:: Extracted information ::

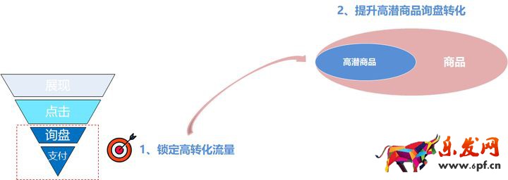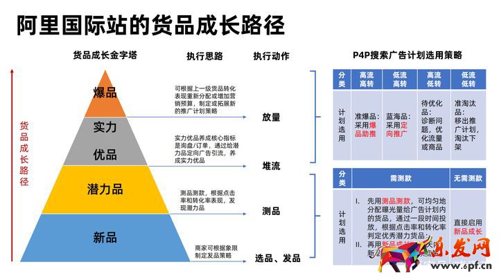 廣告投放策略的核心就是用好P2=Pull·Push模型。其實這個模型對應就是上面提到的2大交易場景和流量的匹配方式。Pull=搜索廣告-人找貨-被動搜索,Push=推薦廣告-貨找人-主動推廣。一定要確保同時使用這2種廣告,搜索廣告這塊我就不必強調了,這個基本上是商家一定會使用的廣告。這里重點要強調的是為什么推薦廣告一定也要去做,一方面是貨找人的匹配交易比重在逐年提高,另一方面就是阿里對任何廣告都會有個Push二次營銷的動作。舉個例子你投放了搜索廣告,正常就是按照下圖最上面Pull的路徑過來,如果客戶沒有轉化,阿里就會進入Push的鏈路對客戶營銷,但是因為你沒有投放推薦廣告,你的產(chǎn)品就沒辦法顯示該區(qū)域。如果客戶這時候被轉化,那么你單獨使用的搜索廣告的第一次營銷就是替別人做嫁衣裳了。這就是為什么我們需要同時開啟推薦廣告,通過二次營銷,或者更多頻次的營銷,提高客戶轉化,從而提升整體的投放效果。
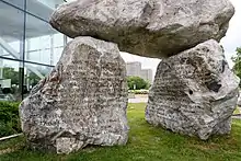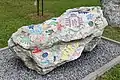 Une œuvre d'Armand Vaillancourt est installée au nord du pavillon. La sculpture — Drapeau blanc — est composée de treize pierres gravées d'empreintes humaines et de messages et disposées en forme de flèche pour rendre hommage aux autochtones.
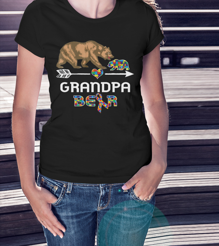 Grandpa Bear Autism Awareness Puzzle Heart And Ribbon T-Shirt
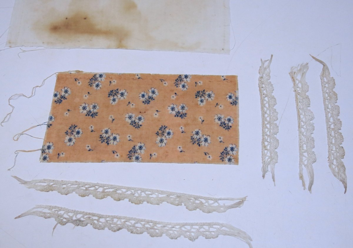 The Quimper Hitty’s favourite photographer helped me make a canopy rod out of an old car antenna, and then I scrounged in my stash for a bit of fabric. This little rectangle with Belgian lace edging looked perfect.
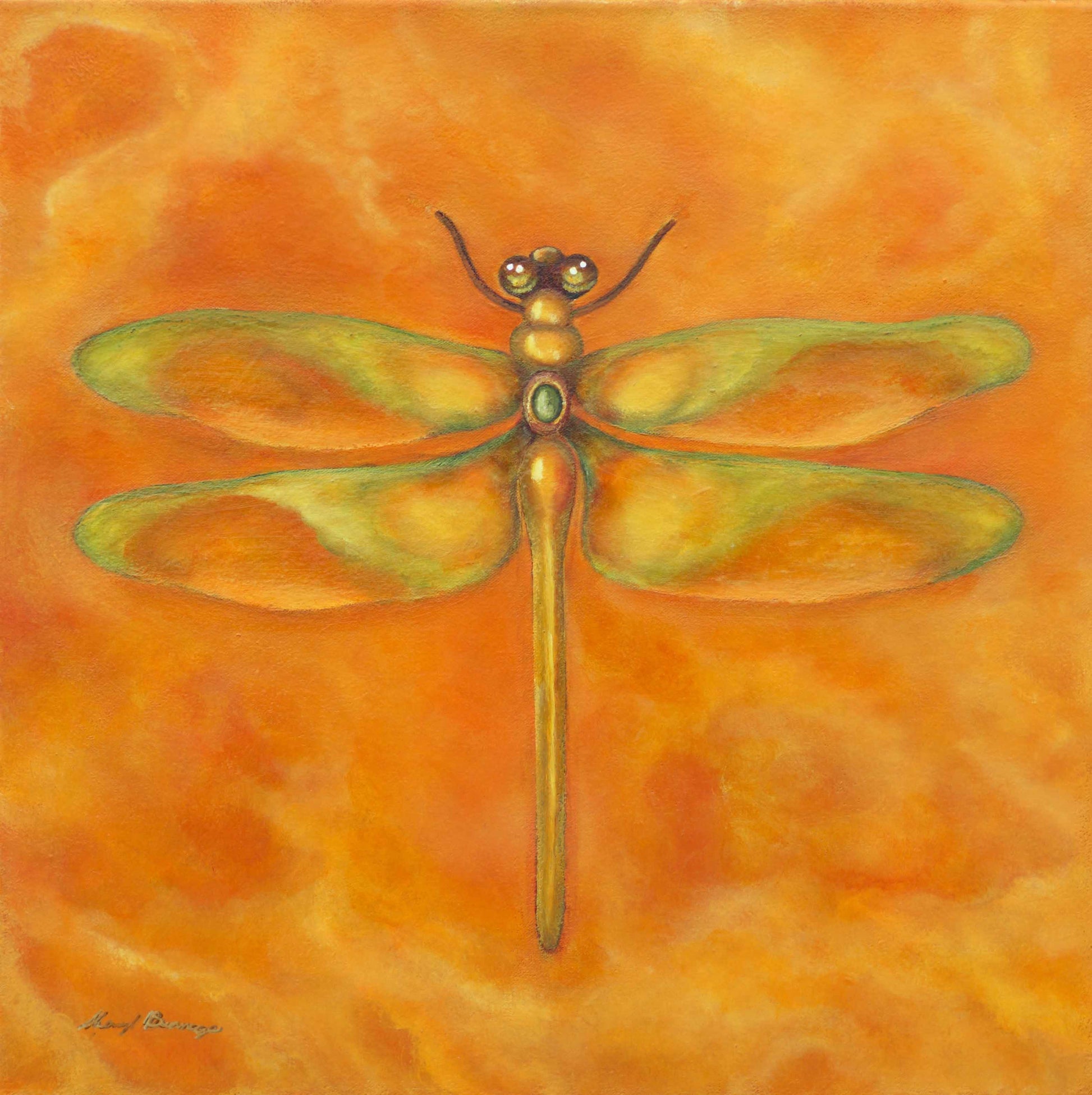 From my Sisters collection, this dragonfly painting is named after my sister Trina. Original dragonfly painting on Orange background 20" x 20" acrylic on canvas.
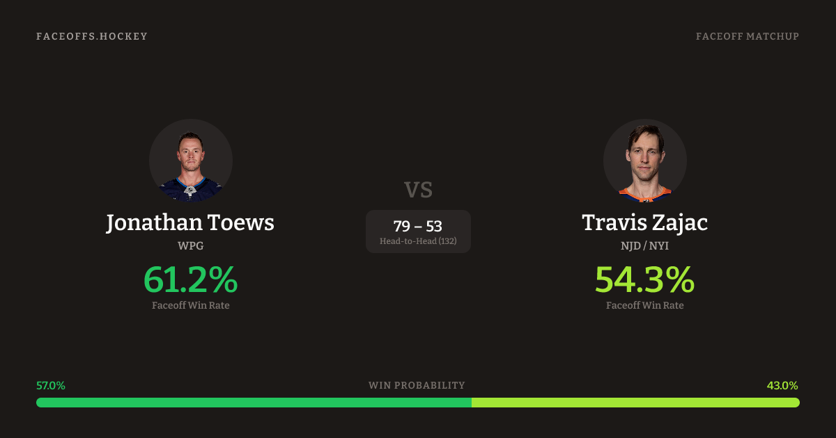 Jonathan Toews vs Travis Zajac — Faceoff Head-to-Head
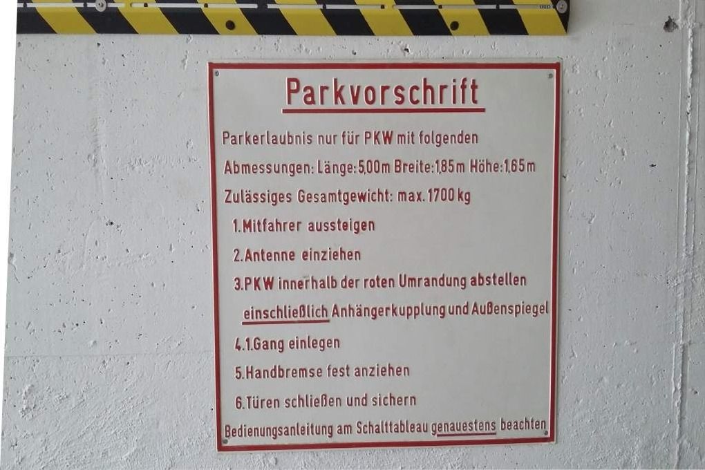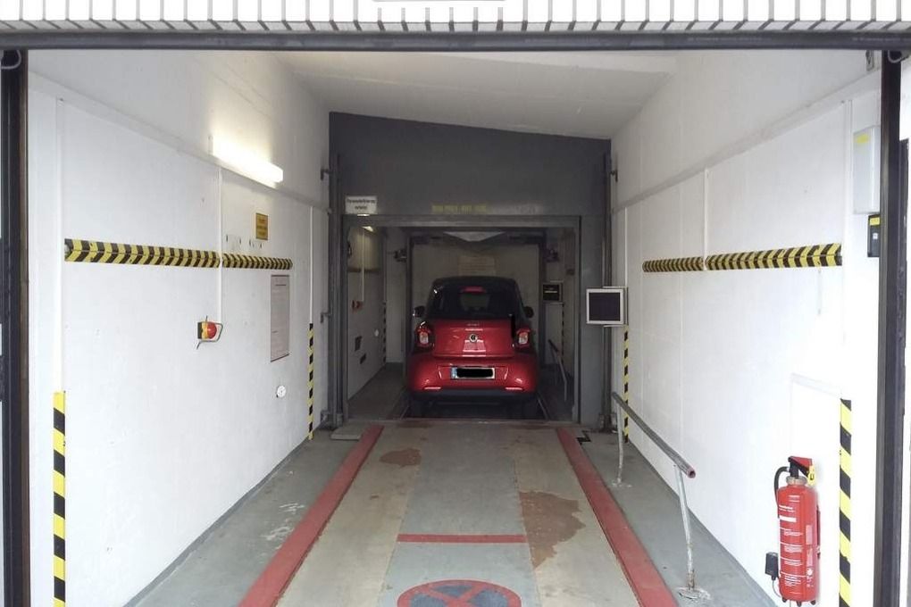 Für Klein- bis Mittelklassewagen steht ein kostenfreier PKW-Stellplatz in der Tiefgarage zur Verfügung. Der PKW darf folgende Maße nicht überschreiten: Länge 5,00 m (einschl. Anhängerkupplung), Höhe: 1,65 m (einschl. Dachaufbauten u. Antenne), Breite: 1,85 m (einschl. Außenspiegel), Gewicht 1.700 kg. Die Parkspur bietet nur Platz für Reifen bis 45 cm Breite. Der PKW wird zum Einparken in einen Autoaufzug abgestellt.

:::

* **Exercise requirements**: Without the pictures, copy out all the records above exactly.

* **Response box**:
 廣告投放策略的核心就是用好P2=Pull·Push模型。其實這個模型對應就是上面提到的2大交易場景和流量的匹配方式。Pull=搜索廣告-人找貨-被動搜索,Push=推薦廣告-貨找人-主動推廣。一定要確保同時使用這2種廣告,搜索廣告這塊我就不必強調了,這個基本上是商家一定會使用的廣告。這里重點要強調的是為什么推薦廣告一定也要去做,一方面是貨找人的匹配交易比重在逐年提高,另一方面就是阿里對任何廣告都會有個Push二次營銷的動作。舉個例子你投放了搜索廣告,正常就是按照下圖最上面Pull的路徑過來,如果客戶沒有轉化,阿里就會進入Push的鏈路對客戶營銷,但是因為你沒有投放推薦廣告,你的產(chǎn)品就沒辦法顯示該區(qū)域。如果客戶這時候被轉化,那么你單獨使用的搜索廣告的第一次營銷就是替別人做嫁衣裳了。這就是為什么我們需要同時開啟推薦廣告,通過二次營銷,或者更多頻次的營銷,提高客戶轉化,從而提升整體的投放效果。
 Une œuvre d'Armand Vaillancourt est installée au nord du pavillon. La sculpture — Drapeau blanc — est composée de treize pierres gravées d'empreintes humaines et de messages et disposées en forme de flèche pour rendre hommage aux autochtones.
 Grandpa Bear Autism Awareness Puzzle Heart And Ribbon T-Shirt
 The Quimper Hitty’s favourite photographer helped me make a canopy rod out of an old car antenna, and then I scrounged in my stash for a bit of fabric. This little rectangle with Belgian lace edging looked perfect.
 From my Sisters collection, this dragonfly painting is named after my sister Trina. Original dragonfly painting on Orange background 20" x 20" acrylic on canvas.
 Jonathan Toews vs Travis Zajac — Faceoff Head-to-Head
 Für Klein- bis Mittelklassewagen steht ein kostenfreier PKW-Stellplatz in der Tiefgarage zur Verfügung. Der PKW darf folgende Maße nicht überschreiten: Länge 5,00 m (einschl. Anhängerkupplung), Höhe: 1,65 m (einschl. Dachaufbauten u. Antenne), Breite: 1,85 m (einschl. Außenspiegel), Gewicht 1.700 kg. Die Parkspur bietet nur Platz für Reifen bis 45 cm Breite. Der PKW wird zum Einparken in einen Autoaufzug abgestellt.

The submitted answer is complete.